Jakarta (ANTARA News) - Kongres Wanita Indonesia (Kowani) mendesak agar Dewan Perwakilan Rakyat (DPR) menggesa pembahasan Rancangan Undang-undang (RUU) Pembantu Rumah Tangga (PRT).

"RUU PRT yang sudah diperjuangkan sejak 12 tahun yang lalu, tapi hingga saat ni belum terusik sama sekali oleh DPR," ujar Giwo usai perayaan Natal Bersama Kowani di Jakarta, Selasa.

Padahal saat ini sudah diberlakukan Masyarakat Ekonomi ASEAN (MEA), yang mana para pekerja domestik yang berasal dari negara lain sudah dibekali dengan perangkat hukum.

"Di Afrika saja yang terkenal dengan perbudakan sudah ada UU PRT, di Indonesia malah belum ada," keluh dia.
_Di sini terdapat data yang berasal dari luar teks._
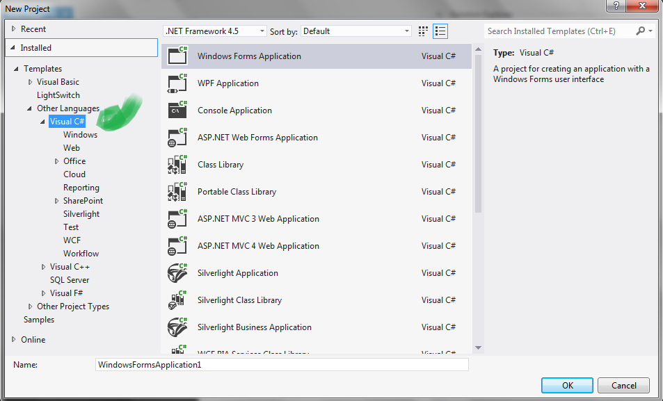 Step 3: Select "Visual C#" from Project Type & "Windows Form Application" from Project Templates.

Dengan disegerakan dibahas dan kemudian disahkannya RUU tersebut, maka akan melindungi dari sisi pekerja dan juga majikannya. Kowani yang beranggotakan 53,1 juta perempuan itu menaruh perhatian serius karena 80 persen anggotanya adalah pengguna jasa PRT.

"Keberadaan PRT sangat dibutuhkan, tetapi perlindungan terhadap para PRT sangat minim. Padahal PRT merupakan kelompok pekerja lemah dan mudah dilemahkan."

Berbagai persoalan yang dihadapi oleh PRT diantaranya adalah upah rendah, ketiadaan standar jam kerja, ketiadaan jaminan sosial, asuransi kesehatan, kekerasan fisik serta seksual, pembatasan kebebasan dan akses untuk mendapatkan informasi, serta ketiadaan organisasi PRT.

Oleh karena itu, Kowani mendesak RUU masuk ke dalam Program Legislasi Nasional (Prolegnas) 2016, agar Indonesia memiliki instrumen hukum positif yang memberikan perlindungan terhadap PRT.

Kowani juga merekomendasikan beberapa hal penting yakni seluruh elemen bangsa wajib memberikan perlindungan optimal bagi perempuan baik PRT maupun pengguna jasa PRT, pemerintah dan pemerintah daerah perlu memastikan PRT maupun pengguna jasa PRT mendapatkan jaminan keselamatan dan kenyamanan, pemerintah perlu meningkatkan kompetensi PRT, serta pemerintah perlu mengambil kebijakan strategis untuk perlindungan PRT.